AEHI, which hopes to convince Elmore County officials to rezone a huge piece of prime agricultural land and convert it into a heavy industrial nuclear complex, filed its most recent report to the Securities and Exchange Commission about four months late. The SEC filing comes on the heels of its lawsuit against the Snake River Alliance seeking money damages and an order requiring Alliance Executive Director Andrea Shipley to retract her statement that AEHI was “scamming Idahoans.” As such the suit fell in the category of what is known as “Strategic Litigation Against Public Participation” (or a SLAPP suit). The Alliance responded with a Motion to Dismiss the lawsuit, which showed Shipley’s opinion, was protected by the First Amendment of the Constitution. AEHI backed down from its allegations, and the Court dismissed its lawsuit with prejudice. To compound its credibility problems, AEHI’s SEC filing failed to properly disclose the lawsuit.

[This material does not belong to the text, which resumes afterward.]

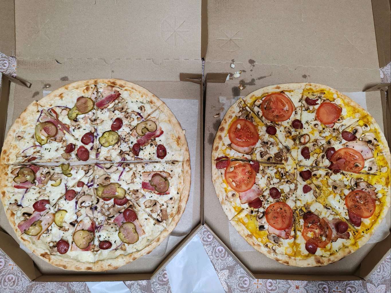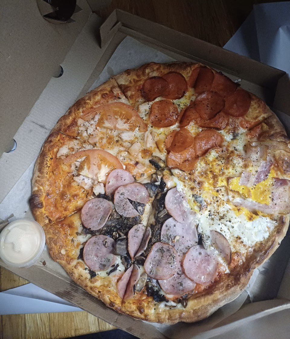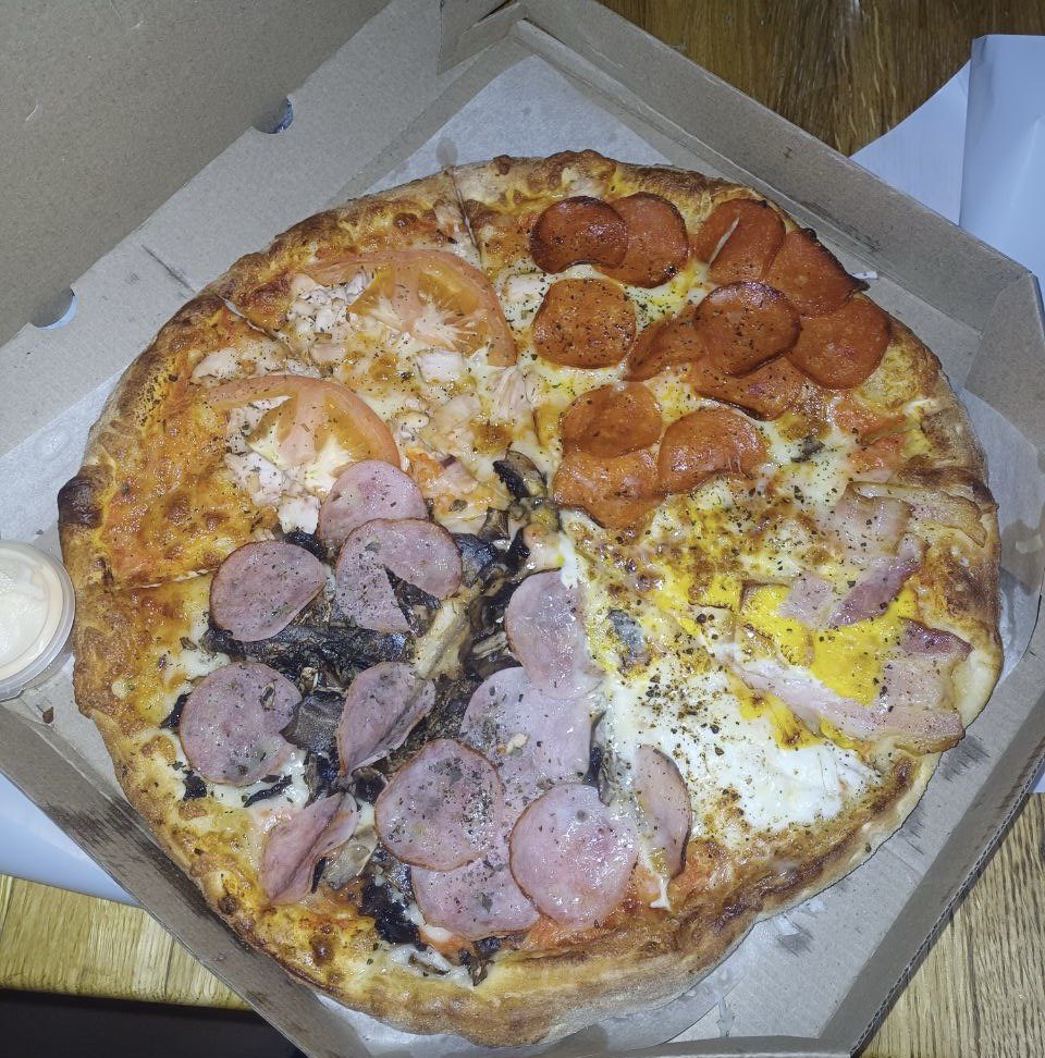 - Стоимость пицц идентична при заказе в зале и на доставку.

“I’m running out of fingers to count the mistakes AEHI has made in a failed attempt to prove its credibility to Idahoans,” Snake River Alliance Executive Director Andrea Shipley said. “The company’s CEO, Don Gillispie, has failed to appear at the Legislature when invited; erected illegal towers in Owyhee County; was late in paying the $50,000 bill to Owyhee County before moving his nomad nuclear power plant 15 miles upstream to Elmore County; sued the Snake River Alliance for defamation and lost; claimed we negotiated the dismissal of the defamation lawsuit when we did not; claimed I retracted my statement even though I did not; claimed in its initial SEC registry that if a nuclear power plant was not built, it might build a coal plant on the property; filed its SEC report months late and blatantly failed to report being involved in litigation at the time the SEC report was due.”

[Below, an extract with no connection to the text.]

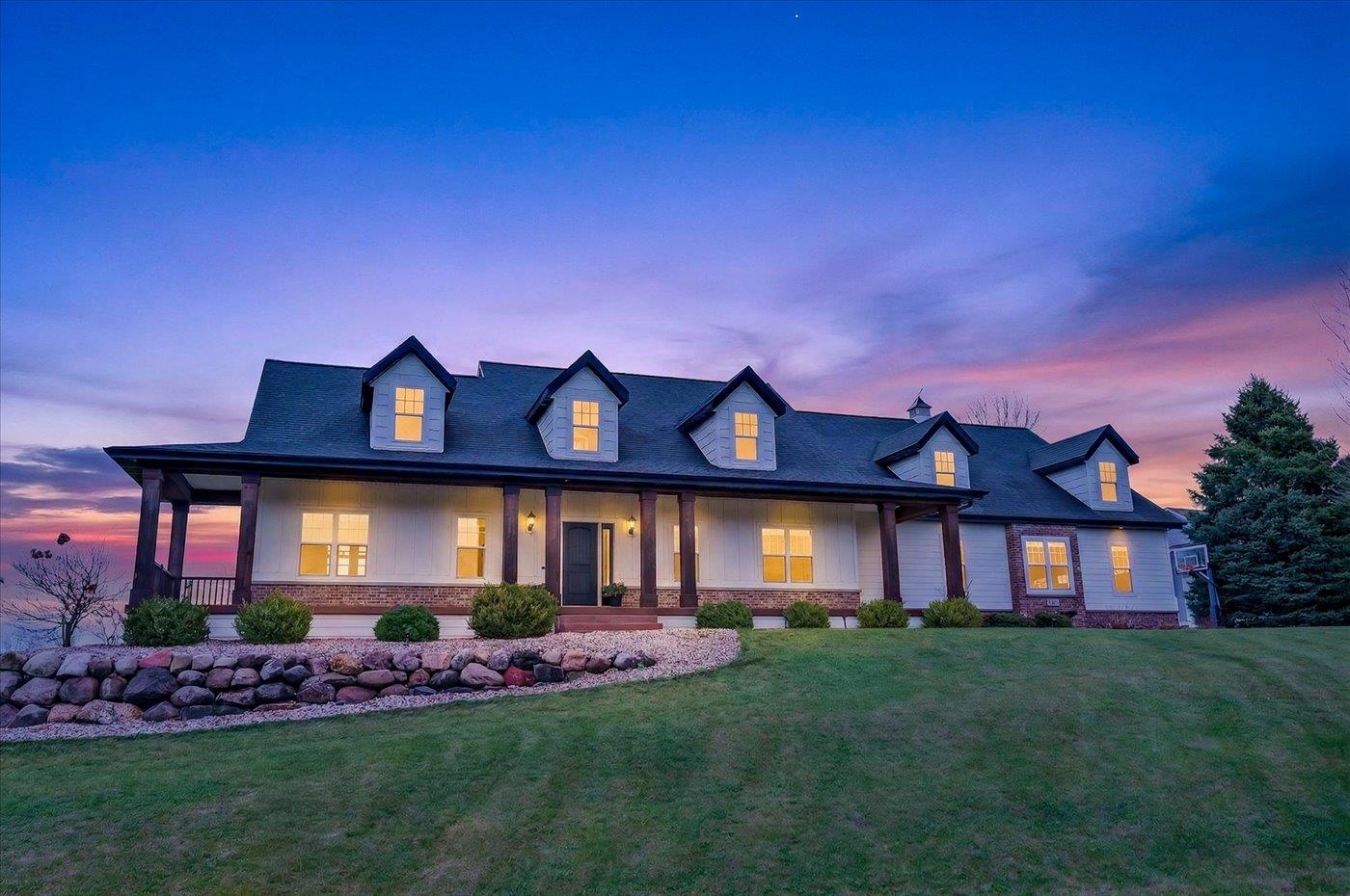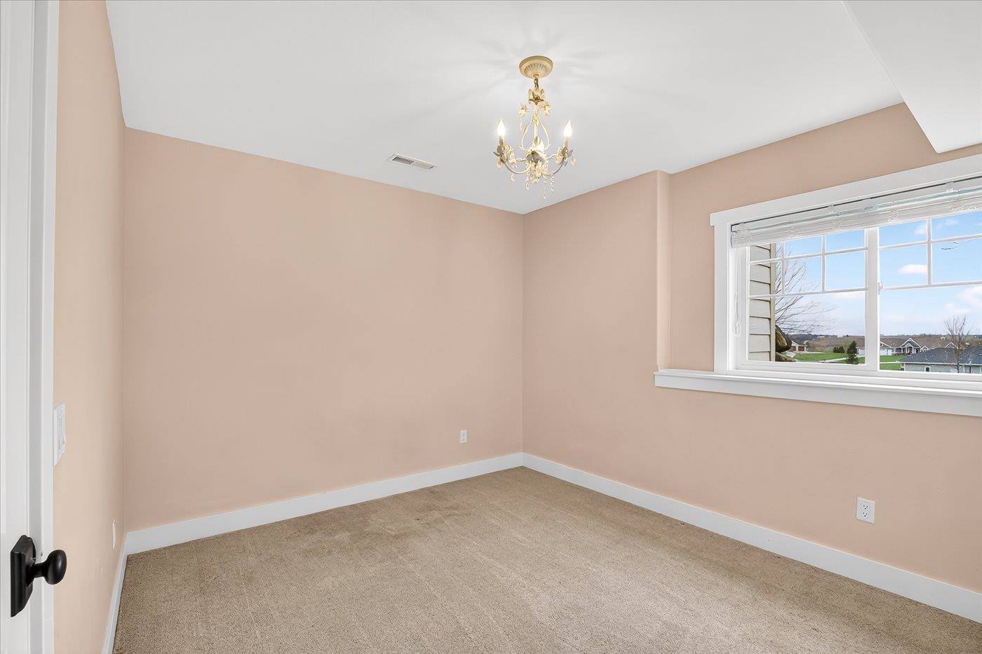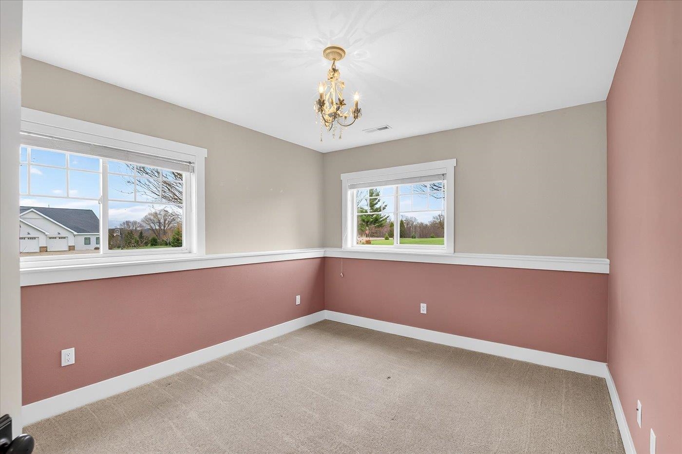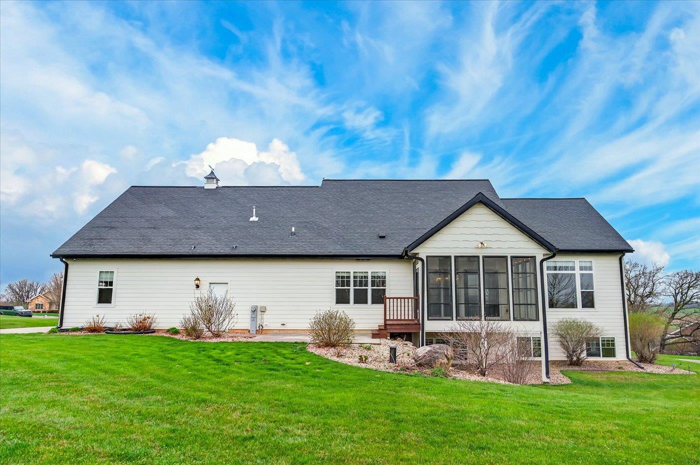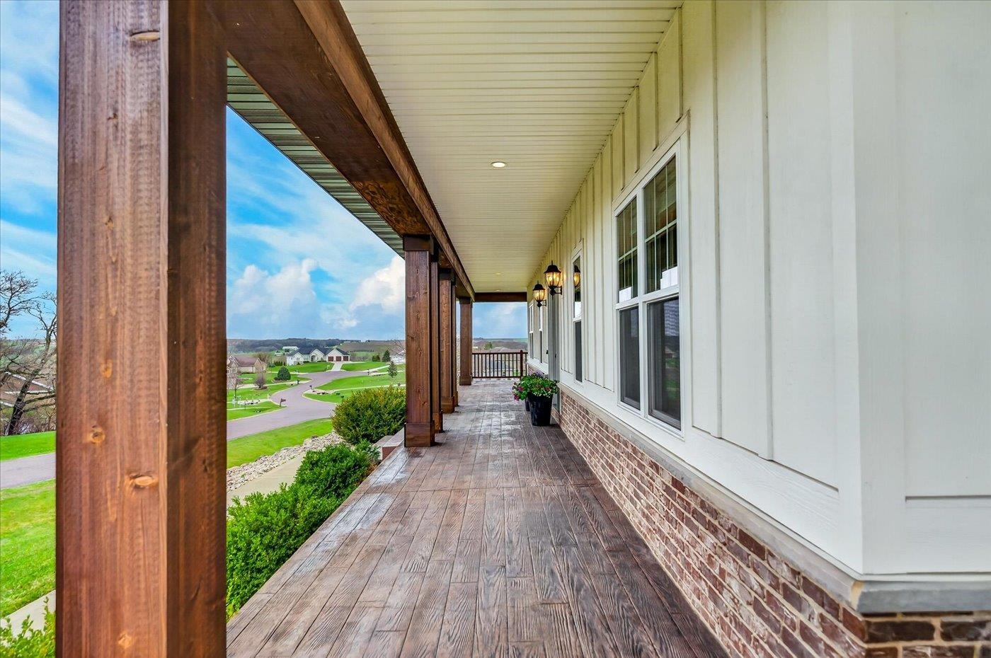 This 2017 Parade Home in Greenville offers 6 bedrooms, 4.5 bathrooms, and an exceptionally spacious layout. Zero-entry design adds convenience, while the upper level features a second primary suite tucked behind a hidden door. The open main living area is highlighted by beautiful stonework, a fireplace, built-ins, ceiling detail, and a large kitchen with attractive finishes. The dining area opens to a covered back patio overlooking a spacious backyard. The finished lower level offers a large rec room, additional bedrooms, a full bath, storage room, and unfinished flex space currently used as a workout room. Additional highlights 3-zone heating and a tankless water heater. Just a few blocks from Appleton airport and Chaska Golf Course, this home combines space, style, and flexibility.

“Idahoans have been bombarded with inaccurate and incomplete information from AEHI ever since it came to Idaho. This outfit is a distraction from the real issue at hand: Where will our energy come from in the future?” said Shipley.

Beyond the company’s tenuous finances, Idahoans will be interested in learning that the SEC filing says AEHI “Expects it is unlikely the company will be the ultimate owner or operator of any reactor to be built at the site.” Rather, AEHI hopes the plant will be owned and operated by a yet-to-be-determined consortium or joint venture made up of nuclear reactor suppliers and maybe utilities. So far, no utility has endorsed AEHI’s project.

The filing makes it clear AEHI is cash-poor and currently lacks the financing to execute its project. “The Company does not have any loan commitments,” AEHI told the SEC. Moreover, AEHI acknowledges that other nuclear reactor proposals that have far greater financial resources could better position them for the relatively scarce federal loan guarantees and other incentives, meaning AEHI’s project may well be shut out when it comes to lining up at the federal trough for federal giveaways. Or, as AEHI tells the SEC: “Under the Energy Policy Act of 2005, Congress has provided production tax credits, loan guarantees, and regulatory risk insurance for the first new nuclear plants. The Project has a chance to qualify for these, but if the Project is delayed, or the schedule for other planned nuclear plants accelerates, the opportunity to get the incentives may be lost.”

The Snake River Alliance has a long history of advocating for the cleanup of the radioactive legacy from the Cold War at the Idaho National Laboratory and protecting the Snake River Aquifer that lies underneath the contamination. It also advocates clean energy alternatives to nuclear and fossil fuel power generation.